Мы описали протокол растворения в пробирке MinCDE самоорганизации на Вселенский поддерживаемые липидных бислоев и в липидного бислоя покрыты 3D структуры, с помощью примера палочковидные PDMS микроструктур. Для того чтобы получить ценные данные от этих анализов, наиболее важными факторами для управления являются качество белка и мембраны.

Для обеспечения качества белка, белка массы должны быть подтверждены с помощью SDS-PAGE и масс-спектрометрии. Кроме того следует проверить, что белки растворяется и не агрегированных, используя аналитический гель фильтрации или динамического рассеяния света. Гель для фильтрации может использоваться для удаления любых агрегированных фракция белков. Важно тщательно рН перестройки и качество добавлен нуклеотидов, как дополнение-скорректирована или частично деградировавших нуклеотида к белку запасов или самоорганизации анализов является достаточным для устранения активность белка, поэтому отмены самоорганизация.

Рядом с качества протеина мембраны качество является наиболее важным, и формирования неправильного мембраны чаще всего является причиной для дефектных самоорганизации и происхождение артефакта поверхностных структур.

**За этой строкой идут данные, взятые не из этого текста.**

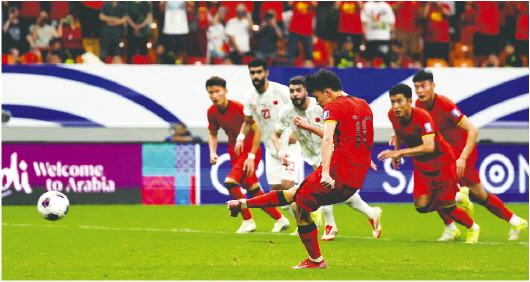 凭借王钰栋(前)主罚的点球,中国队1:0战胜阿曼。 新华社发

При выполнении протокола для в первый раз, это полезно для обозначения поддерживаемых липидных бислоев, включив помечены липидов на низкой молярная доля таких Атто-655-ДОПИНГ или DiI (0,05%). Таким образом свойства и качество мембраны можно судить напрямую. С помощью FRAP, можно оценить текучесть мембран. Кроме того можно непосредственно оценить качество стирки ЦГЯ, как там будет либо слишком много пузырьков, без жидкости мембраны или не мембраны на всех, если она смывается. Открытый камеры подход позволяет тщательно промойте мембрану и таким образом также для удаления пузырьков, которые прилипания на поверхности ЦГЯ. Наиболее важных факторов для получения жидкости и однородной поддерживаемых липидов, которые являются бислоев очистка и гидрофильность поверхности поддержки и правильного размера и однородности Супротив это может быть полезно проверить размер внедорожник и размер распределения с помощью Динамическое рассеяние света. Для узких размер дистрибутивов мы рекомендуем выдавливания везикулы, вместо того, чтобы sonicating их. Другие методы очистки coverslips, например, лечение с сильным баз, основные моющие средства или с помощью coverslips непосредственно после ополаскивания водой, может принести хорошие результаты, в зависимости от приложения и липидов смесь.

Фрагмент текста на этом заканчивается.